The key feature of each system is to grade (score) essays using input from previously scored essays. There are three major scoring approaches: holistic, analytical, and trait-based scoring. In a holistic approach, also considered the fastest and least expensive, many features of an essay are considered, but an overall score is generated based on the whole of the piece (Chung & O’Neil, 1997; Ke & Ng, 2019). An analytical approach to scoring includes a scale for each criterion, scores, and feedback for each criterion (Ke & Ng, 2019). Some essay grades or scores are calculated by summing the scale scores, while others use criterion weights. Finally, in trait-based scoring, a single trait or multiple traits of a text piece may be examined. The purpose of the writing determines the exact trait or traits examined and, in some cases, by the availability of raters, as multi-trait scoring is considered the most labor-intensive, time-consuming, and cost-intensive of the three scoring approaches (Ohta et al., 2018). Ideally, an AES system would yield the same overall score for an essay regardless of the scoring approach.

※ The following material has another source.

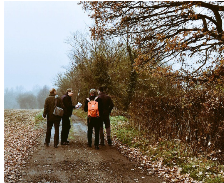
Panel site visit

As part of this annual review process, a meeting will be held with key Epping Forest District Council officers and the panel chair to discuss the report and consider any recommendations for the following year.

Establishing consistency in scoring between humans and AES systems is necessary before instructors can fully make use of these systems. Past research suggests AES systems can reach high levels of agreement with human raters (Lim et al., 2021; Yun, 2023). AES systems offer consistency in scoring for grading, objective assessment, the ability to detect plagiarism, and the ability to identify grammar, mechanics, and other linguistic features (Sevcikova, 2018). However, they have also been criticized for their emphasis on surface-level information and inability to evaluate content development (Sevcikova, 2018) or linguistic context (Atkinson & Palma, 2025). Additionally, these systems can be costly to run (Sevcikova, 2018). Finally, AES and human raters are also subject to reliability and validity concerns (Ramesh & Sanampudi, 2022). Some of these concerns may be addressed using LLMs.

The use of LLMs for AES is a more recent area of investigation (Mizumoto & Eguchi, 2023). AES systems were designed with a focus on essays to evaluate content mastery or grammar and mechanics, whereas LLMs were developed more broadly to assess and generate human language, answer questions, and complete other language-related tasks, offering a range of opportunities for learning (Kasneci et al., 2023). The response generated by an LLM depends on the model used and varies across tasks (Mansour et al., 2024; Shen et al., 2023).

Mizumoto and Eguchi (2023) provide an early test of the ability of the ChatGPT-3.5 text-davinci-003 model to automatically score TOEFL11, a test for non-native English speakers. TOEFL (Test of English as a Foreign Language) evaluates English proficiency and scores each essay as low, medium, or high. They find that a high degree of accuracy exists between the benchmark scores of TOEFL11 and what ChatGPT-3.5 can produce, and that the inclusion of lexical features improves scoring accuracy (Mizumoto & Eguchi, 2023). A recent study from Pack et al. (2024) examined interrater reliability between humans and four LLMs: Google’s PaLM, Claude 2, GPT-3.5, and GPT-4.0, using a sample of college admissions language proficiency essays following a 6-point scoring rubric. GPT-4.0 had the highest interrater reliability with humans among the four LLMs, but the authors note that in several circumstances, the LLMs did not perform as expected. For example, some LLMs sometimes added language to the essay and then scored it, while at other times they assigned scores that did not match the rubric used by human coders (Pack et al., 2024). Continuous testing of LLMs is needed to determine which LLM produces scores most similar to those of human coders, as new models are released very frequently.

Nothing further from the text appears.